25 Jun 2018 # Spectral representations for Convolutional Neural Networks

This paper presents a very interesting idea of replacing pooling layers such as max or avg ones with spectral pooling, where the input to the pooling layer is transformed to the frequency domain via FFT, then by the heuristic that the energy of the input in the frequency domain for natural signal or images follows the inverse power law where the most information is cumulated in the low frequencies and the noise is usually represented in the high frequencies, we truncated the signal by discarding the high frequency coefficients. Finally, the truncated signal is transformed back to the time/spatial domain via the inverse FFT.

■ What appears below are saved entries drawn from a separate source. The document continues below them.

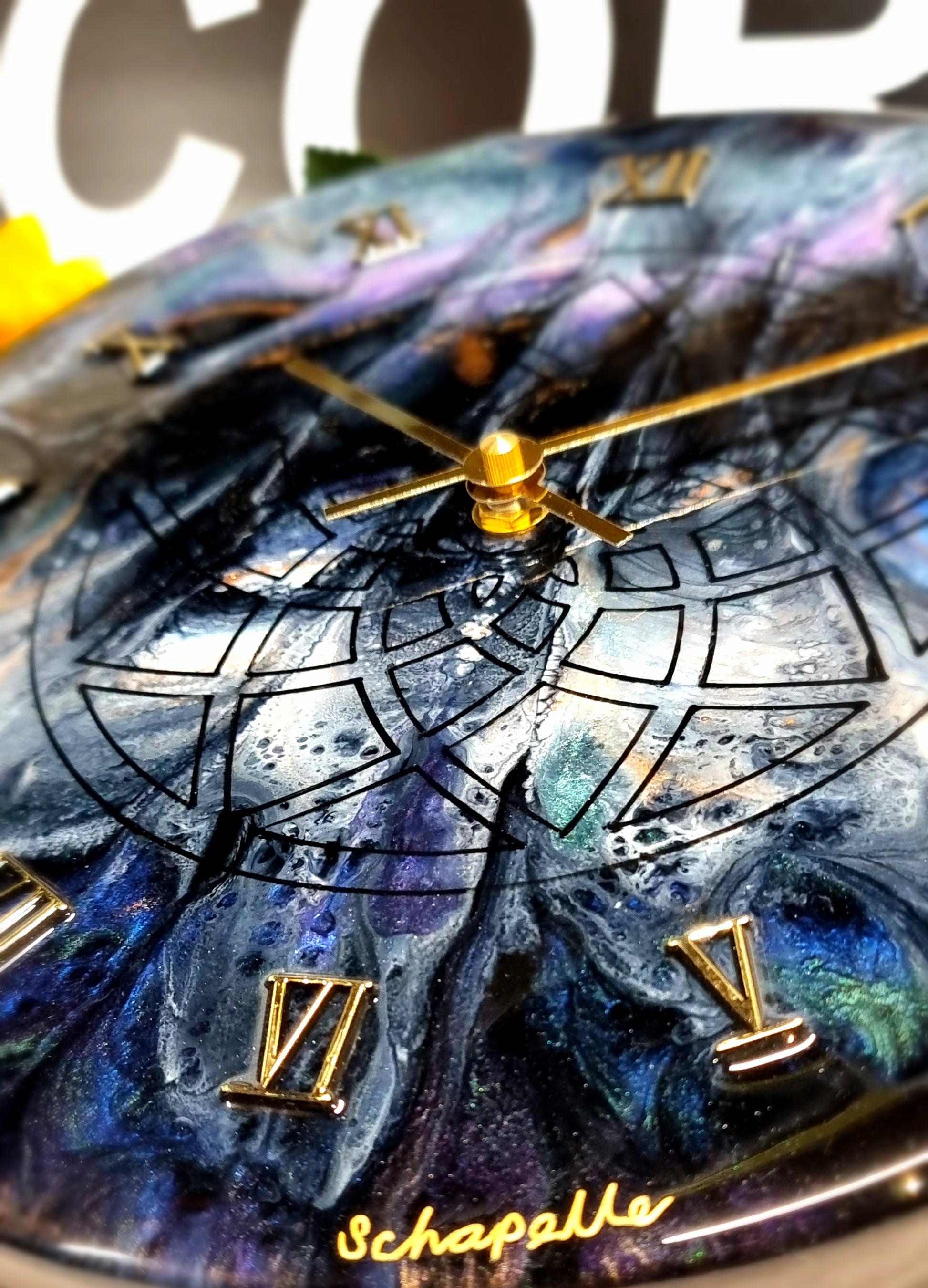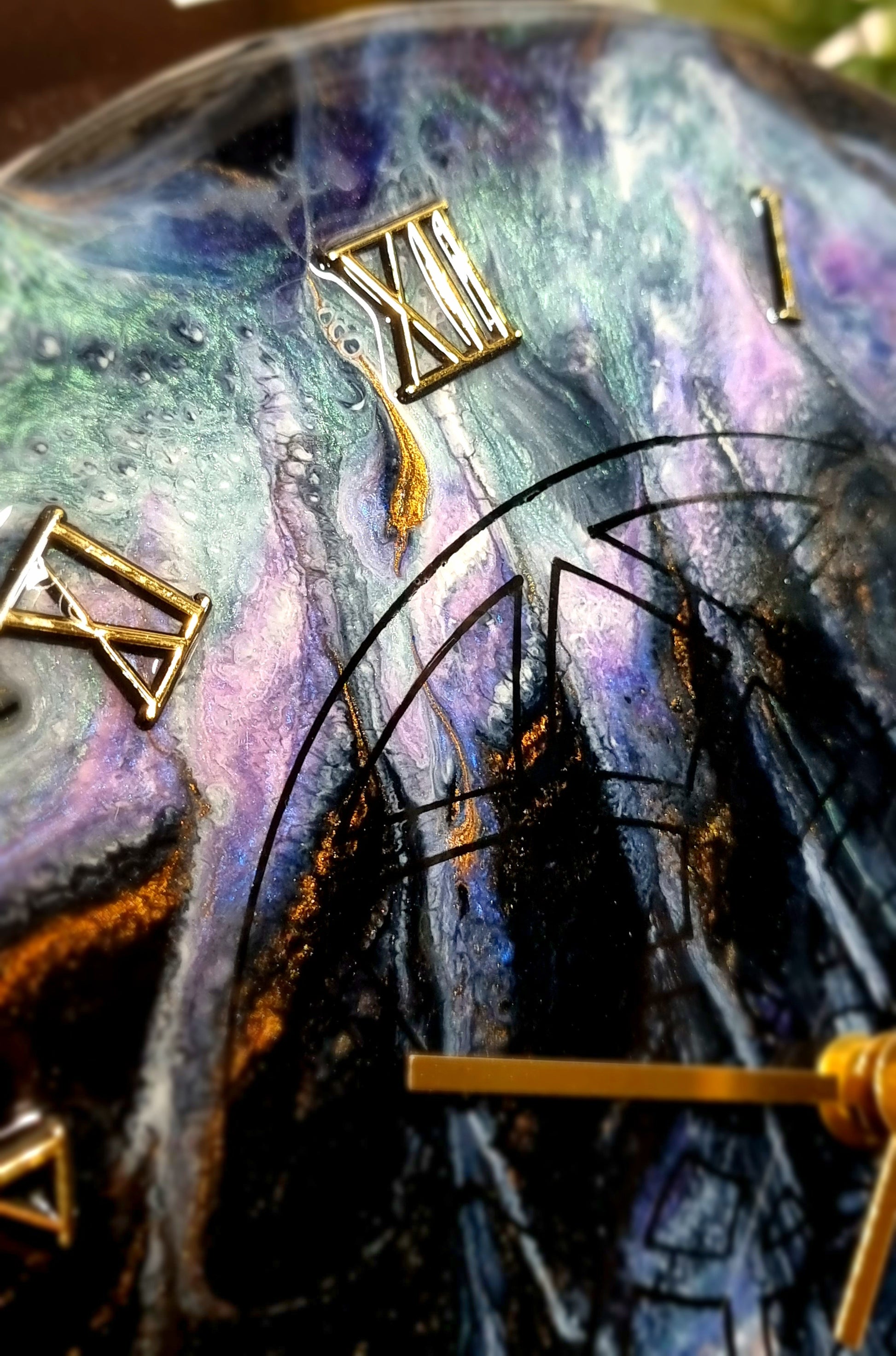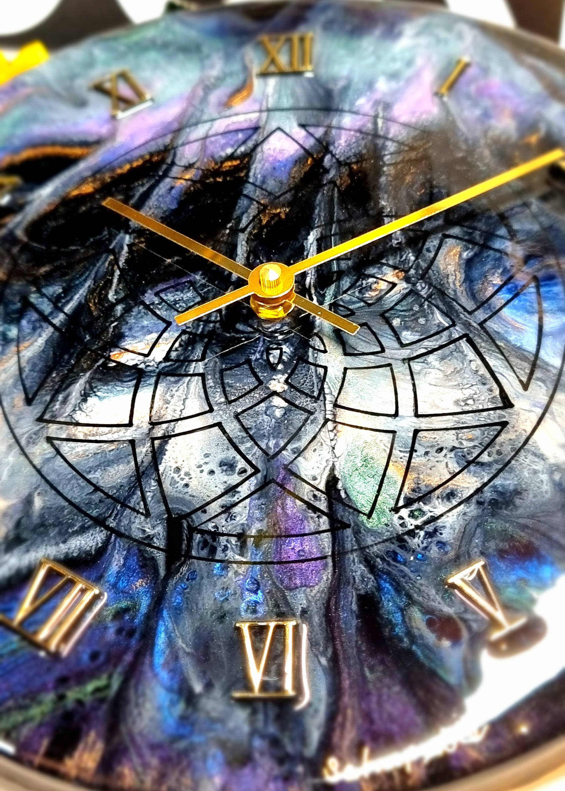 •Epoxy Resin •Wall Clock •On Wood •Colours= Black, White, Green, Blue,Purple, Gold Shimmer •Sacred Geometry Drawn •Gold Roman Numerals Complete •Quartz Clock Mechanism •Silent •Quality Gold Hands •Epoxy UV Protected •Ready To Hang •Size=28cmx2cm Regular •Signed And Numbered •Free Shipping Australia Wide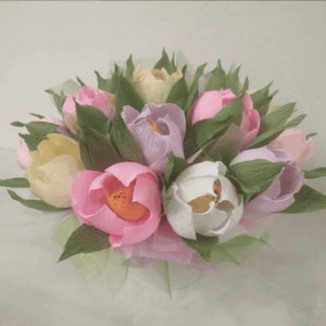 Мы изготовим для Вас букет из конфет недорого из искусственных роз, тюльпанов, астр, пионов, подснежников, хризантем, крокусов, васильков, ромашек, подсолнухов.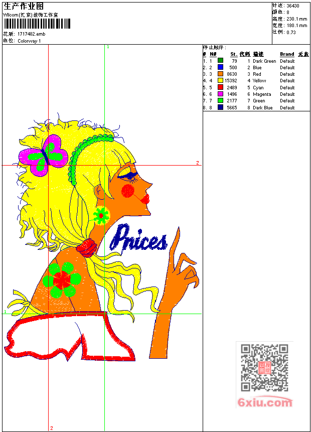 美女工艺精品 点此上传花版兑乐绣币/现金 emb花版参数: 大小:116.50 KB / 尺寸:180*230[毫米] / 针数:36430针 / 线色:8 / 格式:emb / 版本:7 版带文件需绣花软件方可打开,可配色打印导出各种格式或直接上机绣。如无绣花软件可下载1:1模拟效果图。 PNG图片信息:大小:0.7 (MB) /图宽*高:682x871(像素) 上传作者( 雷人*** ) 获得乐绣币:30个 emb下载 1:1图下载 关闭 相似花型推荐: 梅兰竹菊-竹工艺精品 梅花香自苦寒来工艺精品 伟大领袖毛主席工艺精品 橡树林乱针绣工艺精品 西藏风光乱针绣工艺精品 退思园林乱针绣工艺精品 苏州园林乱针绣工艺精品 苗族美女思念工艺乱针绣精品 牡丹盛开的花工艺精品 燃烧的天空完工艺精品 青山绿水大好河山瀑布乱针绣工艺精品 黄果树瀑布乱针绣工艺精品 苍鹰劲松图工艺精品 喜雀报春工艺精品 井冈红叶工艺精品 上一个花样:美女弹琴工艺精品 下一个花样:梅兰竹菊-竹工艺精品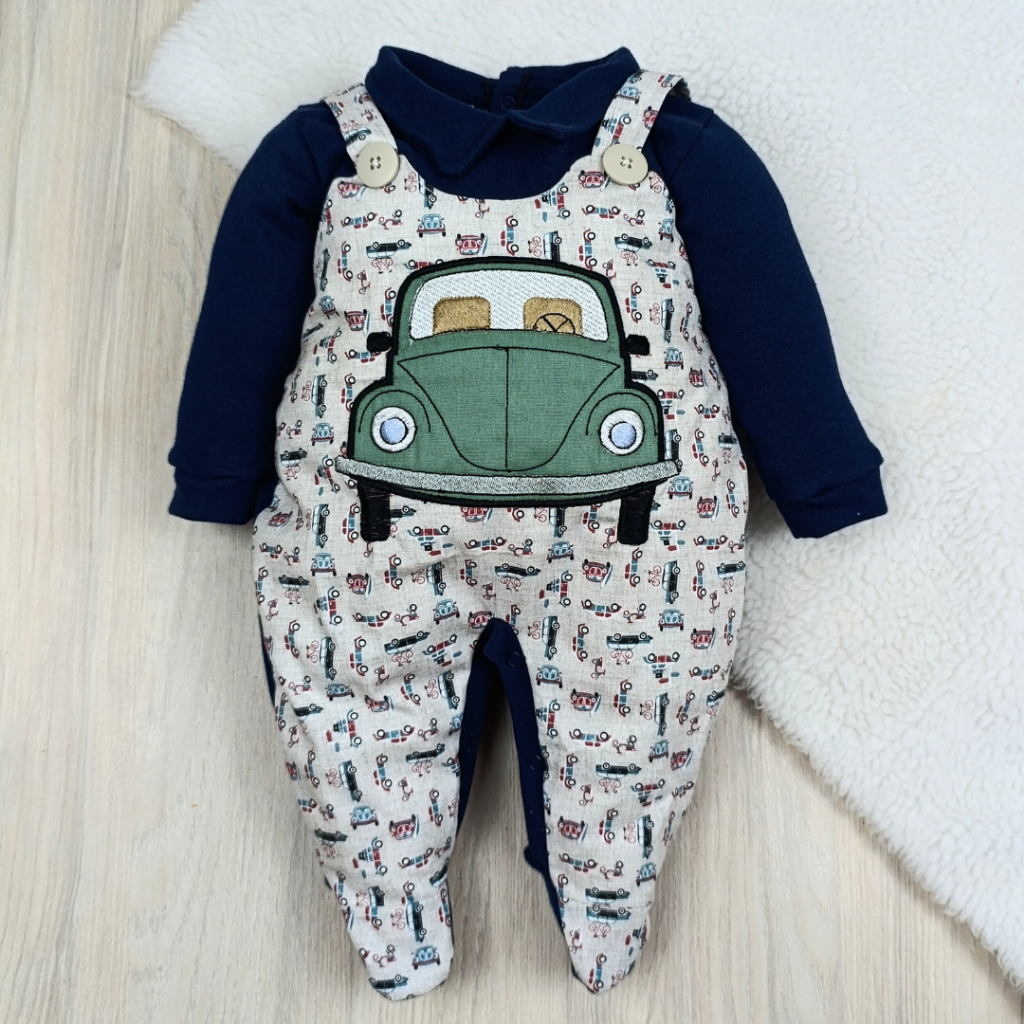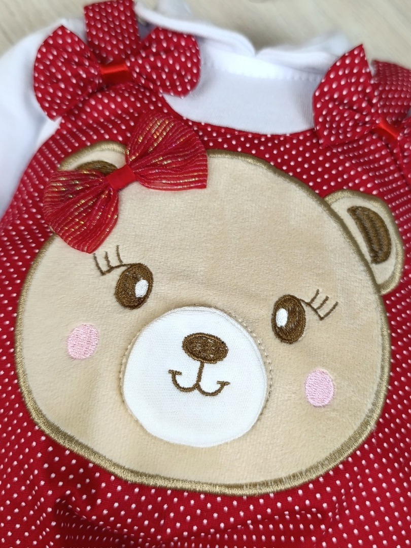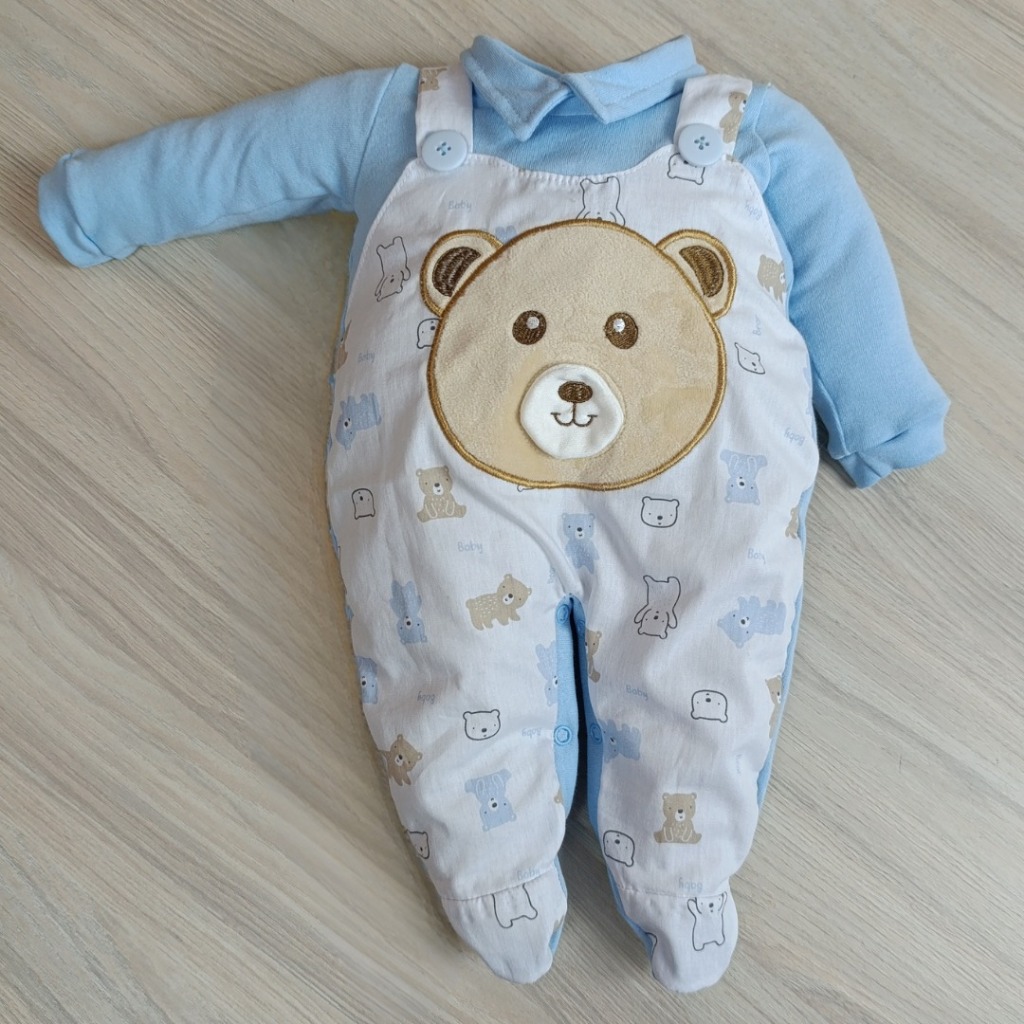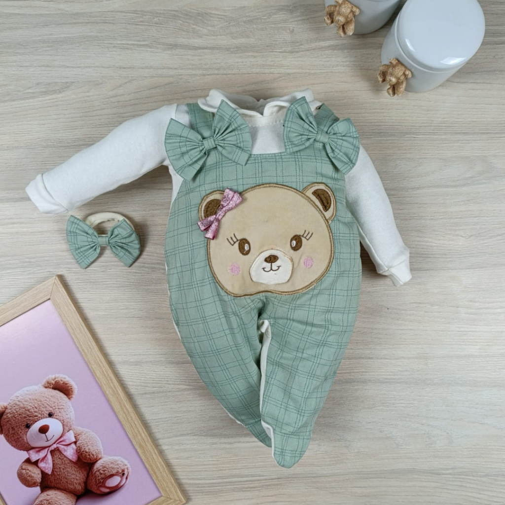 Macacão bebê menina e menino jardineira com laço bordado confortável
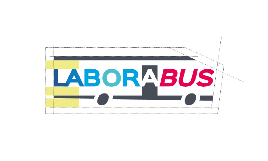 Pour le LABORABUS, mon rôle, a été d’imaginer un logotype qui serait apposé sur le bus en harmonie avec l’habillage existant du bus, sur le plan des couleurs et de la typographie. Puis aussi utilisé pour la papeterie et les invitations.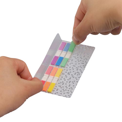 6mm幅のスリムサイズのフィルムふせん。ペンケースにも収納しやすい細長いケース入。貼っても下の文字などが透けて見え、貼った上から字を書くこともできる、つや消し加工フィルムの見出しです。色分けにも便利。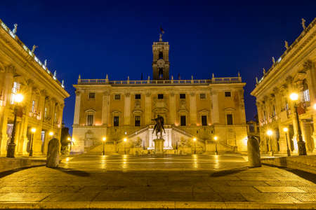 Capitoline hill with Palazzo Senatorio at twilight, Rome, Italy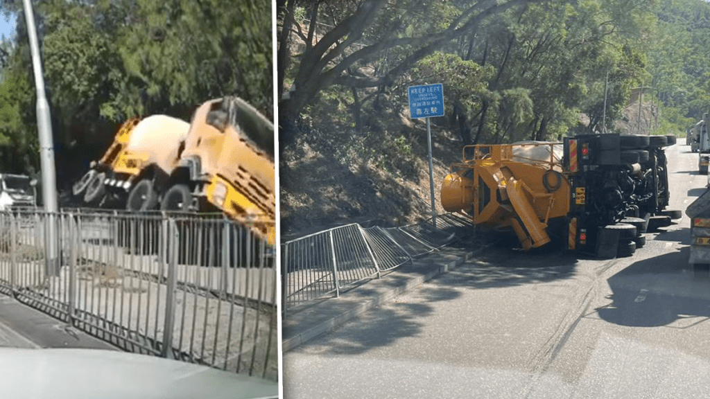 車cam直擊|青衣田螺車轉彎自炒翻側 壓毀鐵欄兼漏油

A square matrix \(A=[A_1\;A_2\;\cdots\;A_n]\) (\(A_i\) for the ith column vector of \(A\)) is unitary if its inverse is equal to its conjugate transpose, i.e., \(A^{-1}=A^{*T}=A^{H}\), where the superscript \(^H\) denotes the Hermitian operation. In particular, if a unitary matrix is real \(A=A^*\), then \(A^{-1}=A^T\) and it is orthogonal. Both the column and row vectors ( \(A_i, i=1,\cdots,n\)) of a unitary or orthogonal matrix are orthogonal (perpendicular to each other) and normalized (of unit length), or orthonormal, i.e., their inner product satisfies: \((A_i, A_j) = A_i^{H}A_j\)

These \(n\) orthonormal vectors can be used as the basis vectors of the n-dimensional vector space.

source: lectures on Fourier Transorm

Fourier transform is unitary, thus the sum (or integral) of the square of a function is equal to the sum (or integral) of the square of its transform. Let \(X\) be the Discrete Fourier Transform of the sequence \(x\), then we have: \(\sum_{i=0}^{n-1} |x_i|^2 = \sum_{F=0}^{n-1}|X_F|^2\)